WORK ITEM: Copy, with no pictures, the line that contains "BSF Constable GD" and each line after it down to the end of the entries below, exactly.

Excerpts from a dataset
##########

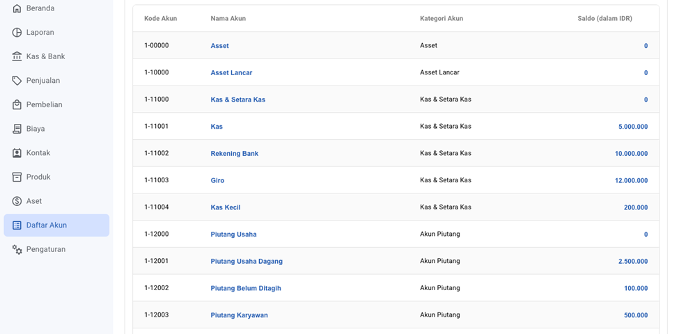 - Saldo awal akan tampil pada kolom Saldo (dalam IDR) di menu Daftar Akun
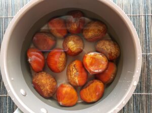 栗は水洗いした後、1時間ほど水に浸けておきます。
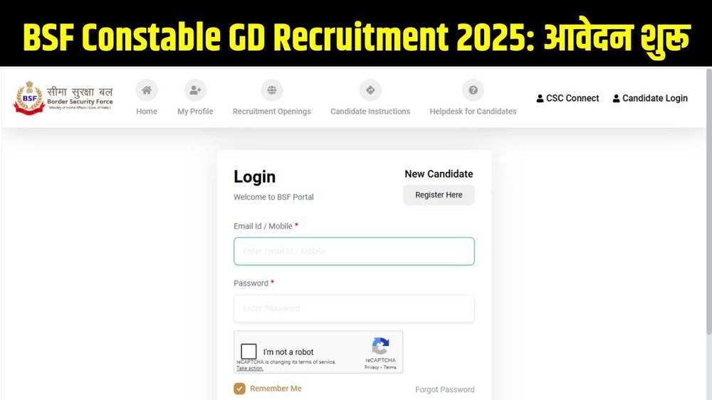 BSF Constable GD Recruitment 2025 Apply Online: बॉर्डर सिक्योरिटी फोर्स (BSF) ने ग्रुप-सी कांस्टेबल (जनरल ड्यूटी) पदों पर भर्ती के लिए आवेदन प्रक्रिया शुरू कर दी है। इच्छुक और पात्र उम्मीदवार 16 अक्टूबर 2025 से बीएसएफ की आधिकारिक वेबसाइट rectt.bsf.gov.in पर जाकर ऑनलाइन आवेदन कर सकते हैं और आवेदन करने का डायरेक्ट लिंक और प्रक्रिया की पूरी जानकारी यहां दी गई है।
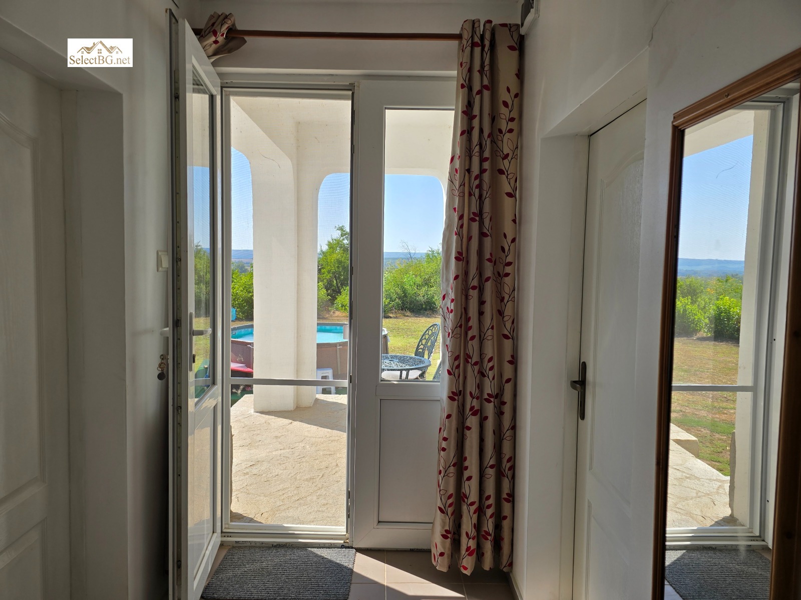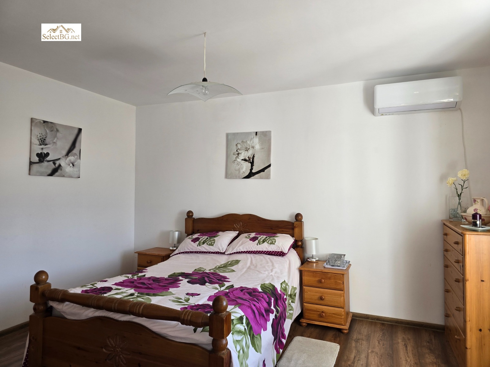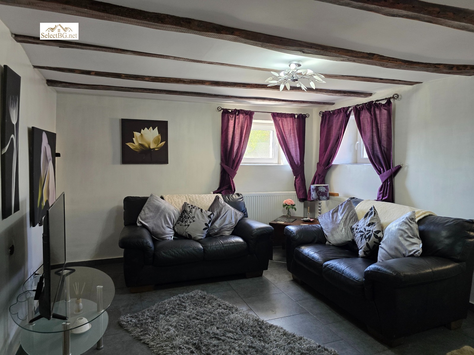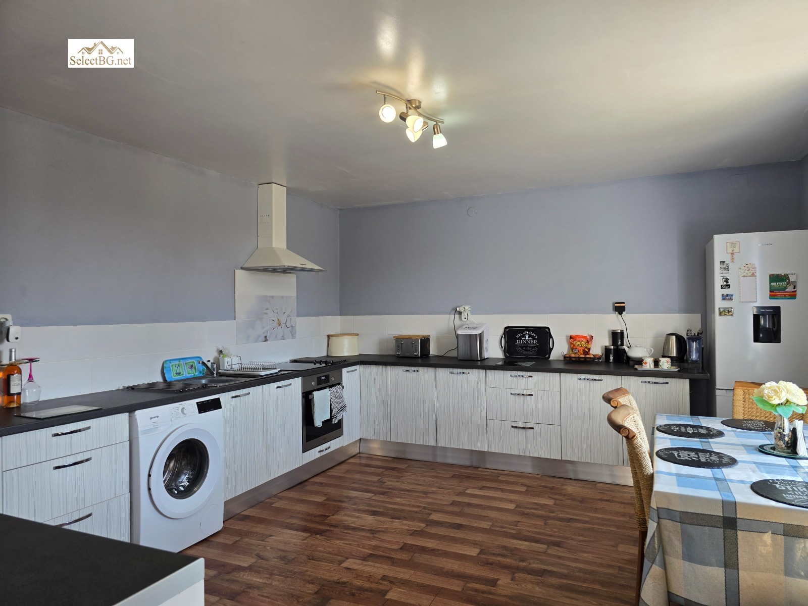 Къщата е двуетажна масивна с едноетажна пристройка към нея като общата жилищна площ е около 150 м2. На приземния етаж с вход през пристройката има просторна напълно оборудвана кухня с трапезария и баня с тоалетна. През входното антре се влиза директно в основната част на къщата , където на долния етаж има сервизно помещение с камина ( локално парно ) и просторна холова част ( механа ). По дървени стълби се стига до горния етаж на къщата , където има 3 спални и коридор с директен излаз към градината. Имотът се продава обзаведен.
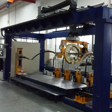 包帶頭安裝于移動式龍門上,可在寬度方向(Y軸)及高度方向(Z軸)自動移動并隨龍門實現(xiàn)長度方向(X軸)移動??倷C(jī)由六個控制軸聯(lián)動控制以實現(xiàn)對三維線棒的最佳絕緣包帶。包帶頭進(jìn)行了平衡設(shè)計以保證高速包帶時的穩(wěn)定性,可實現(xiàn)1盤包帶或2盤包帶,包帶張力可根據(jù)需要設(shè)定并實現(xiàn)恒張力。
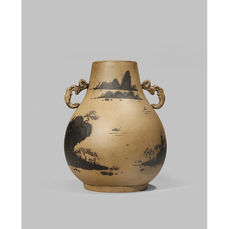 A CHINESE YIXING DUANNI HU-SHAPED VASE QING DYNASTY OR LATER The pear-shaped body with two...

##########

WRITTEN ANSWER:
 BSF Constable GD Recruitment 2025 Apply Online: बॉर्डर सिक्योरिटी फोर्स (BSF) ने ग्रुप-सी कांस्टेबल (जनरल ड्यूटी) पदों पर भर्ती के लिए आवेदन प्रक्रिया शुरू कर दी है। इच्छुक और पात्र उम्मीदवार 16 अक्टूबर 2025 से बीएसएफ की आधिकारिक वेबसाइट rectt.bsf.gov.in पर जाकर ऑनलाइन आवेदन कर सकते हैं और आवेदन करने का डायरेक्ट लिंक और प्रक्रिया की पूरी जानकारी यहां दी गई है।
 Къщата е двуетажна масивна с едноетажна пристройка към нея като общата жилищна площ е около 150 м2. На приземния етаж с вход през пристройката има просторна напълно оборудвана кухня с трапезария и баня с тоалетна. През входното антре се влиза директно в основната част на къщата , където на долния етаж има сервизно помещение с камина ( локално парно ) и просторна холова част ( механа ). По дървени стълби се стига до горния етаж на къщата , където има 3 спални и коридор с директен излаз към градината. Имотът се продава обзаведен.
 包帶頭安裝于移動式龍門上,可在寬度方向(Y軸)及高度方向(Z軸)自動移動并隨龍門實現(xiàn)長度方向(X軸)移動??倷C(jī)由六個控制軸聯(lián)動控制以實現(xiàn)對三維線棒的最佳絕緣包帶。包帶頭進(jìn)行了平衡設(shè)計以保證高速包帶時的穩(wěn)定性,可實現(xiàn)1盤包帶或2盤包帶,包帶張力可根據(jù)需要設(shè)定并實現(xiàn)恒張力。
 A CHINESE YIXING DUANNI HU-SHAPED VASE QING DYNASTY OR LATER The pear-shaped body with two...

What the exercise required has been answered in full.